[Data extracted from a collection]
^^^^^^^^^^^^^^^^

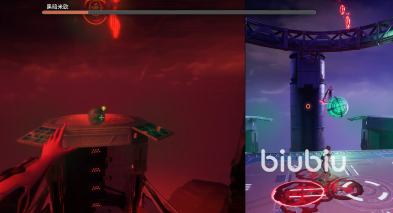 从外面看,这里面是有很多人的,在找不到大门的时候,我们的意识进入了球形机器里面,跑进去开始闯关,解锁大门。这里两个主角的路线是不一样的,加上现在操作的是球形无人机,所以很多关卡是需要借助飞船里面的设备,远距离用激光炮命中才可以开启的。
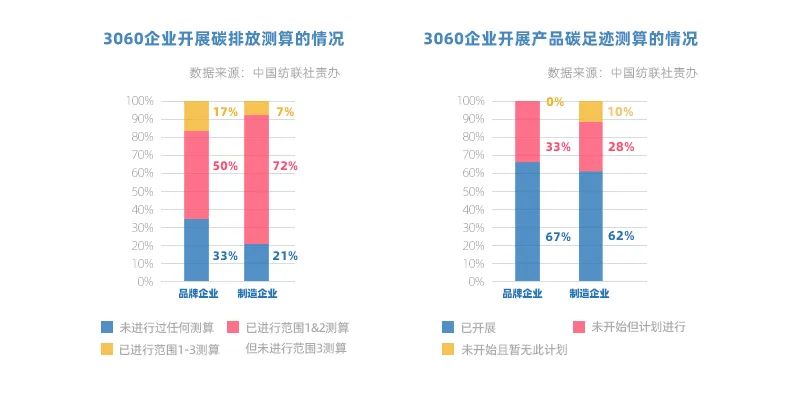 在組織層面的溫室氣體排放量測(cè)算上,企業(yè)大部分已開(kāi)始對(duì)自身運(yùn)營(yíng)范圍(即范圍1&2)的排放進(jìn)行測(cè)算,小部分領(lǐng)先企業(yè)已進(jìn)行全價(jià)值鏈排放(即范圍1-3)的測(cè)算。超半數(shù)已進(jìn)行產(chǎn)品碳足跡測(cè)算。
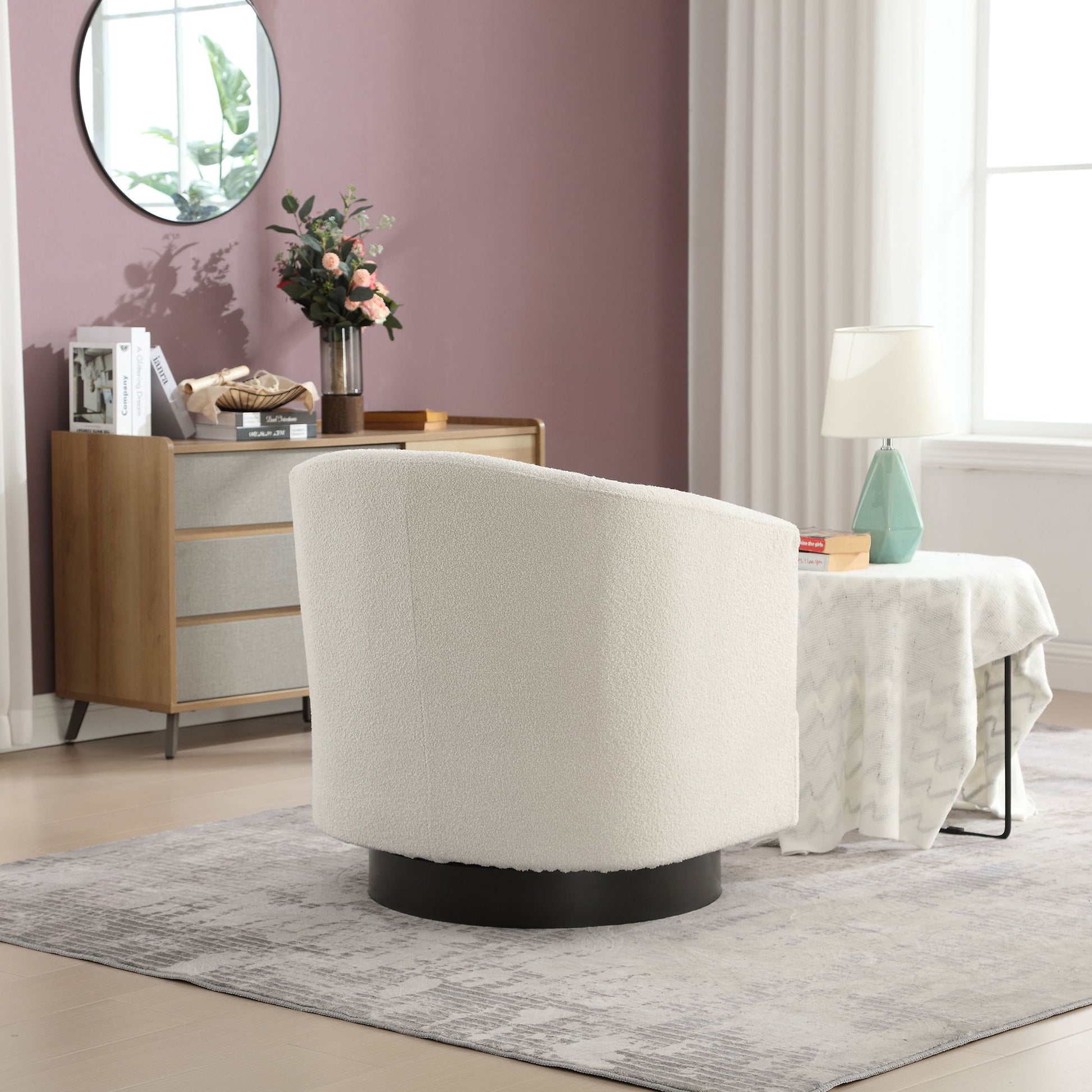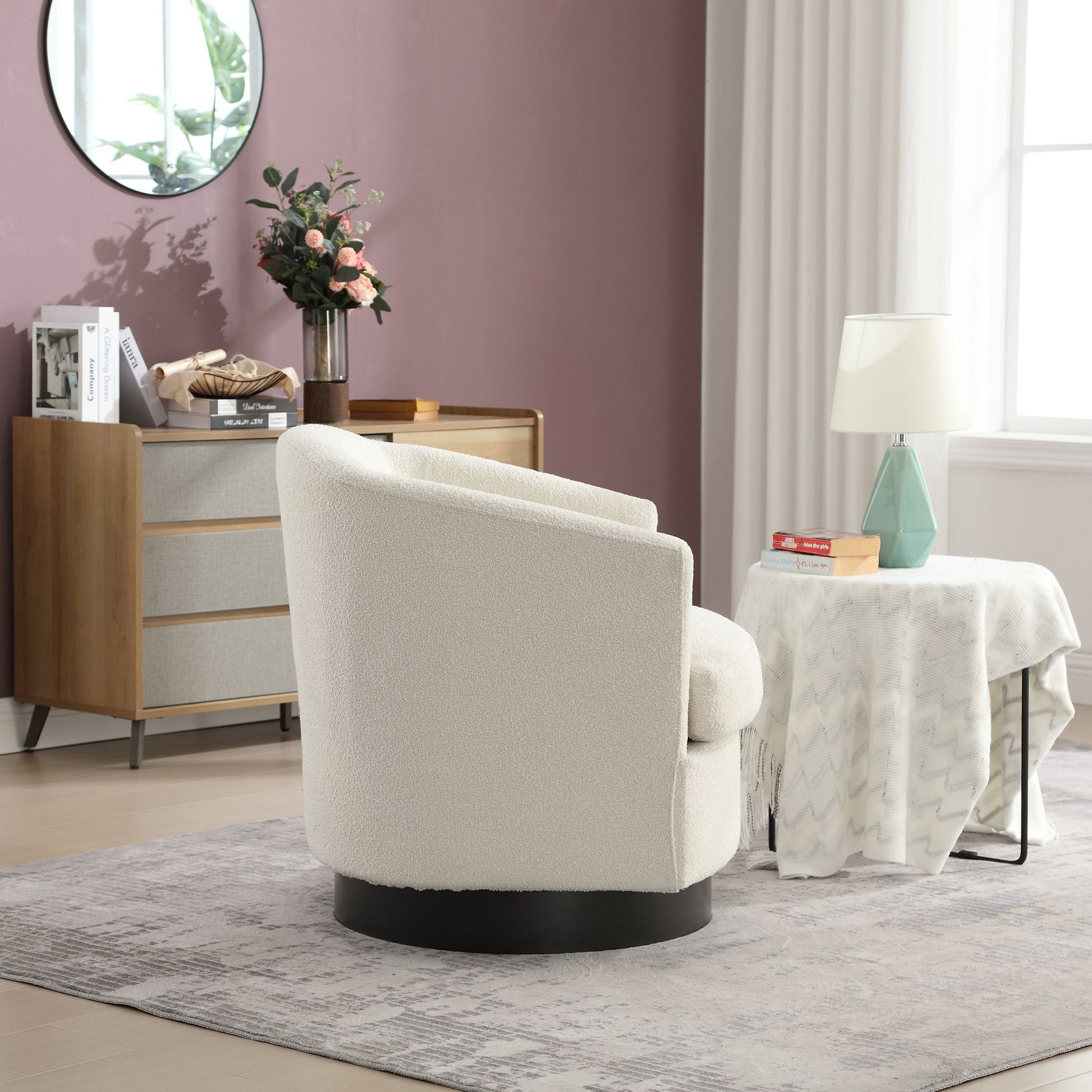 Comfortable Seat Cushion: The chair features a 360° rotation and a seat cushion filled with a distinctive sponge for enhanced comfort. Excellent design of the chair: With a wide seat, an engineered wood frame, and a curved back, this chair offers a classic silhouette perfect for reading. High quality fabric: Made with rare boucle fabric, the chair is skin-friendly, soft, and durable. Product style: This accent chair is a unique decor piece suitable for various occasions and can elevate the aesthetic of any room.
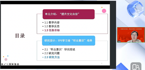 讲座的第二部分,孙旻老师分享了基于该单元教学的“EPS学习者听众意识培养”研究设计,为演讲教师提供了教研相结合的新思路。
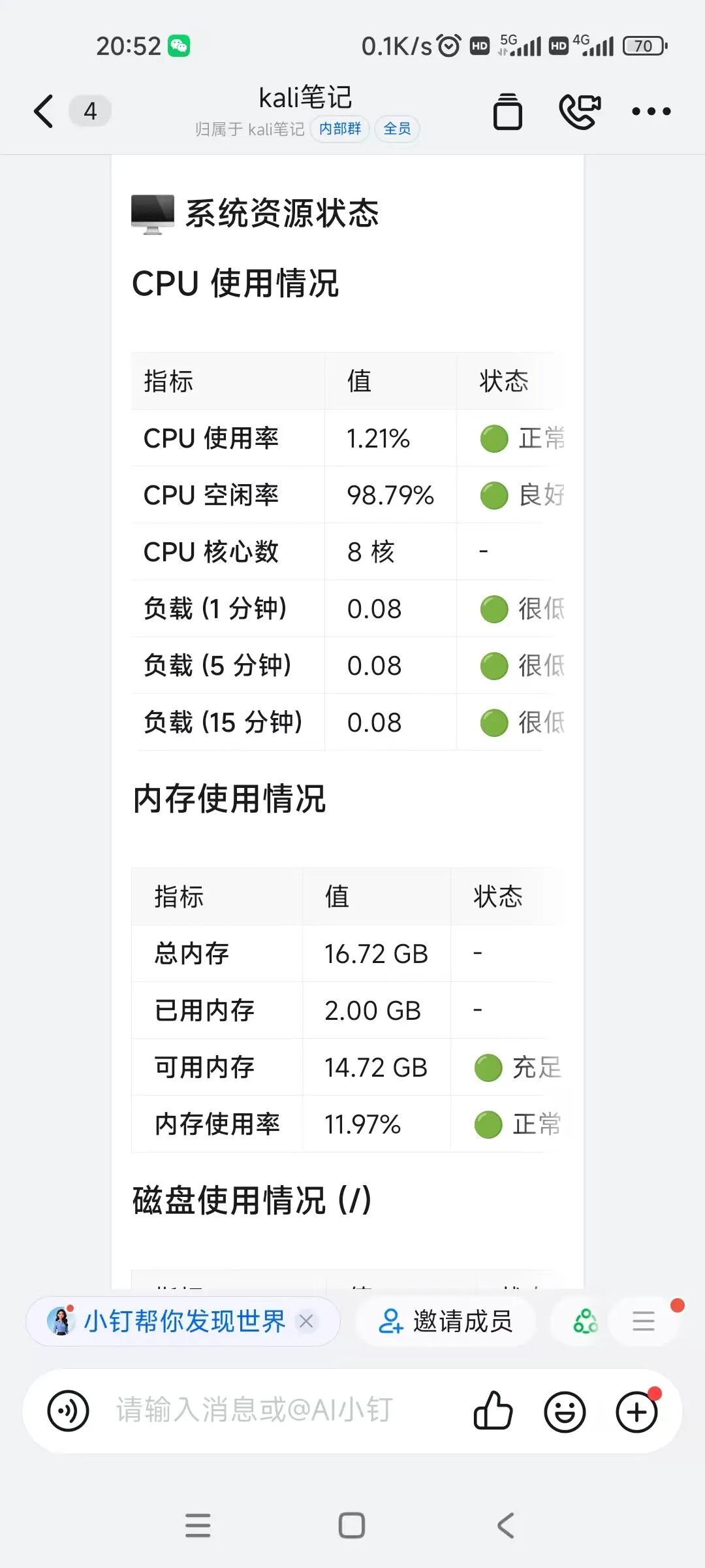 现在,我们可以通过钉钉随时查看设备的状态信息了。
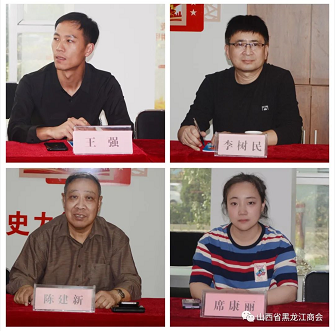 山西省黑龙江商会党支部书记、会长、中能远大科技集团(山西)有限公司董事长张士维,执行会长、本月轮值会长、港中旅国际(山西)旅行社有限公司总经理姚利国,执行会长、山西空界酒业有限公司董事长张万宇,常务副会长、山西浩品科技有限公司总经理齐东山,副会长、山西善源佳瑞建筑劳务有限公司总经理周勇,副会长、山西宏驰商贸有限公司总经理王玉秀,副会长兼副秘书长、山西海裕科技有限公司总经理张娜,会员李树民、王强、席康丽,秘书长陈建新等参加本次会议。
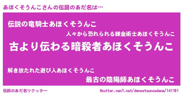 | ヒーロー風カッコイイあだ名 | 『ウルトラ戦士アホクソウンコ』 |
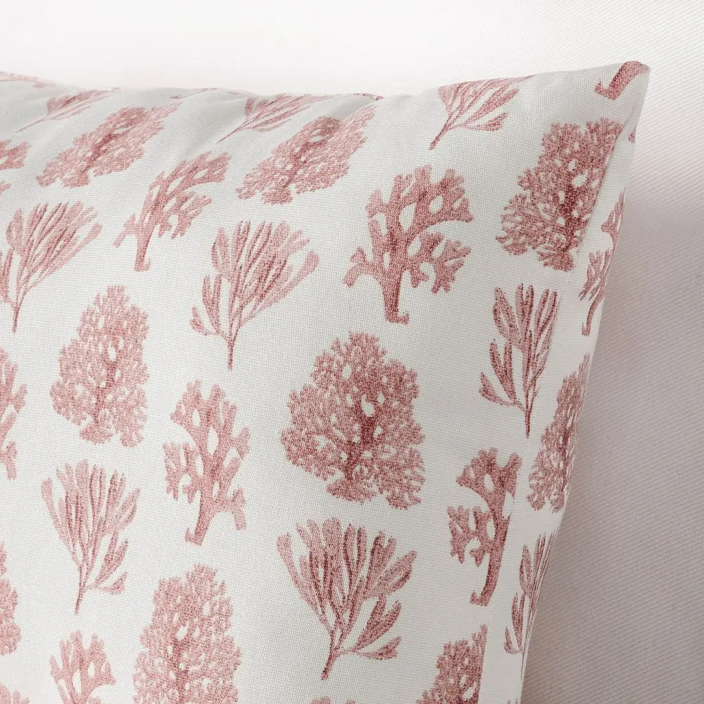 Хлопковая подушка с орнаментом в виде кораллов и раковин. Позволяет с легкостью задать морскую тему в оформлении интерьера. Мягкий и упругий наполнитель сделан из переработанного полиэстера.
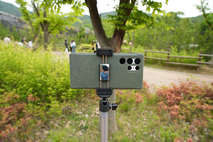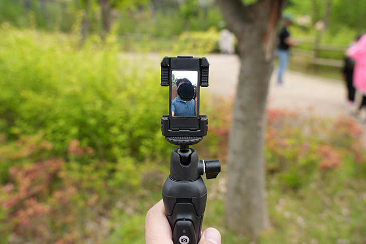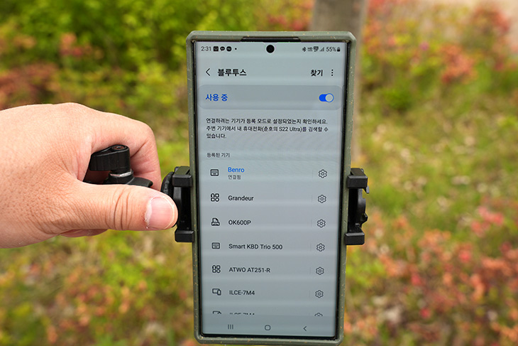 실제로 야외에서 사용을 해 봤는데요. 스마트폰을 거치해서 사용이 일단 가능합니다.
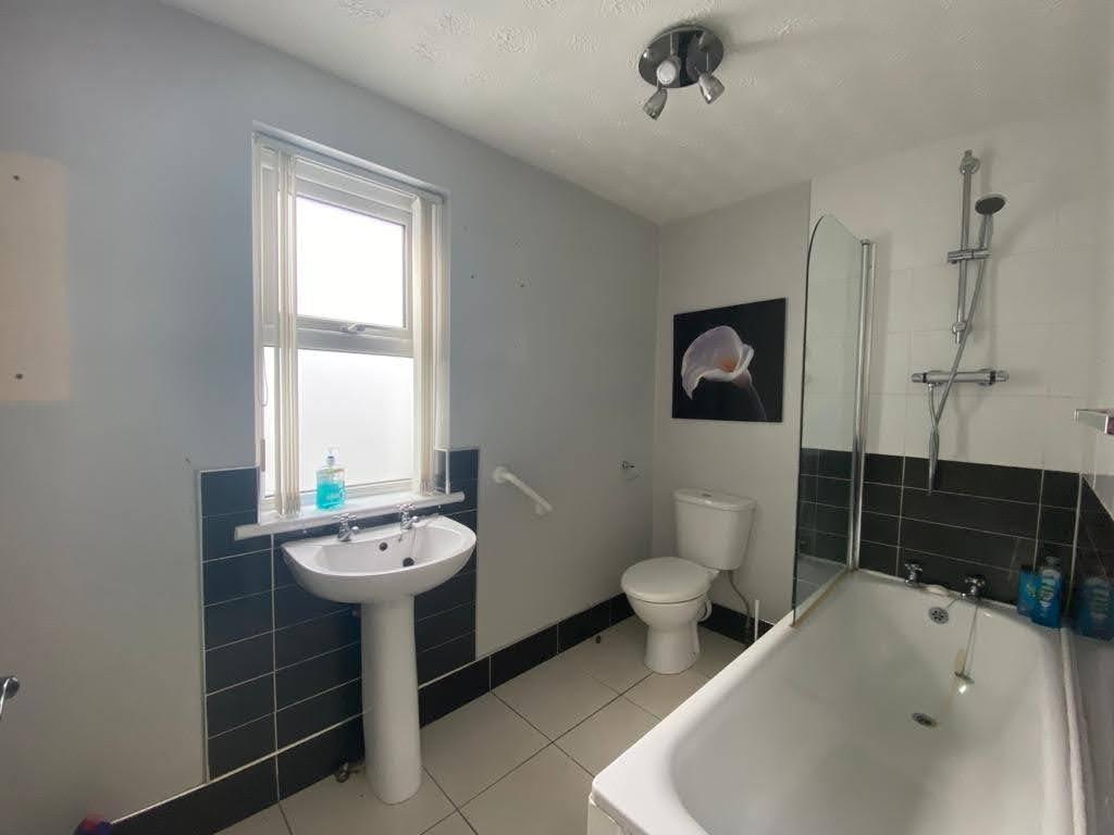 Comprising bath with shower over, shower screen, whb and wc, tiled floor.
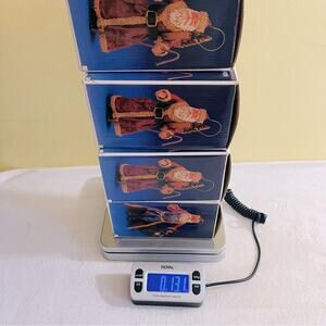 Set of 4 Kurt S Adler Vintage Paper Mache Santa Ornaments w/ Boxes. The box states they are 6". However, over time paper mache can shrink. I estimate my measurements to be on average approximately between 5" - 5.5". These are in great vintage condition! Boxes is in overall good condition. Please see pictures for additional condition reference.

^^^^^^^^^^^^^^^^

(Task details): Please copy the data above character for character, skipping any pictures.

(Exercise result):
 从外面看,这里面是有很多人的,在找不到大门的时候,我们的意识进入了球形机器里面,跑进去开始闯关,解锁大门。这里两个主角的路线是不一样的,加上现在操作的是球形无人机,所以很多关卡是需要借助飞船里面的设备,远距离用激光炮命中才可以开启的。
 在組織層面的溫室氣體排放量測(cè)算上,企業(yè)大部分已開(kāi)始對(duì)自身運(yùn)營(yíng)范圍(即范圍1&2)的排放進(jìn)行測(cè)算,小部分領(lǐng)先企業(yè)已進(jìn)行全價(jià)值鏈排放(即范圍1-3)的測(cè)算。超半數(shù)已進(jìn)行產(chǎn)品碳足跡測(cè)算。
 Comfortable Seat Cushion: The chair features a 360° rotation and a seat cushion filled with a distinctive sponge for enhanced comfort. Excellent design of the chair: With a wide seat, an engineered wood frame, and a curved back, this chair offers a classic silhouette perfect for reading. High quality fabric: Made with rare boucle fabric, the chair is skin-friendly, soft, and durable. Product style: This accent chair is a unique decor piece suitable for various occasions and can elevate the aesthetic of any room.
 讲座的第二部分,孙旻老师分享了基于该单元教学的“EPS学习者听众意识培养”研究设计,为演讲教师提供了教研相结合的新思路。
 现在,我们可以通过钉钉随时查看设备的状态信息了。
 山西省黑龙江商会党支部书记、会长、中能远大科技集团(山西)有限公司董事长张士维,执行会长、本月轮值会长、港中旅国际(山西)旅行社有限公司总经理姚利国,执行会长、山西空界酒业有限公司董事长张万宇,常务副会长、山西浩品科技有限公司总经理齐东山,副会长、山西善源佳瑞建筑劳务有限公司总经理周勇,副会长、山西宏驰商贸有限公司总经理王玉秀,副会长兼副秘书长、山西海裕科技有限公司总经理张娜,会员李树民、王强、席康丽,秘书长陈建新等参加本次会议。
 | ヒーロー風カッコイイあだ名 | 『ウルトラ戦士アホクソウンコ』 |
 Хлопковая подушка с орнаментом в виде кораллов и раковин. Позволяет с легкостью задать морскую тему в оформлении интерьера. Мягкий и упругий наполнитель сделан из переработанного полиэстера.
 실제로 야외에서 사용을 해 봤는데요. 스마트폰을 거치해서 사용이 일단 가능합니다.
 Comprising bath with shower over, shower screen, whb and wc, tiled floor.
 Set of 4 Kurt S Adler Vintage Paper Mache Santa Ornaments w/ Boxes. The box states they are 6". However, over time paper mache can shrink. I estimate my measurements to be on average approximately between 5" - 5.5". These are in great vintage condition! Boxes is in overall good condition. Please see pictures for additional condition reference.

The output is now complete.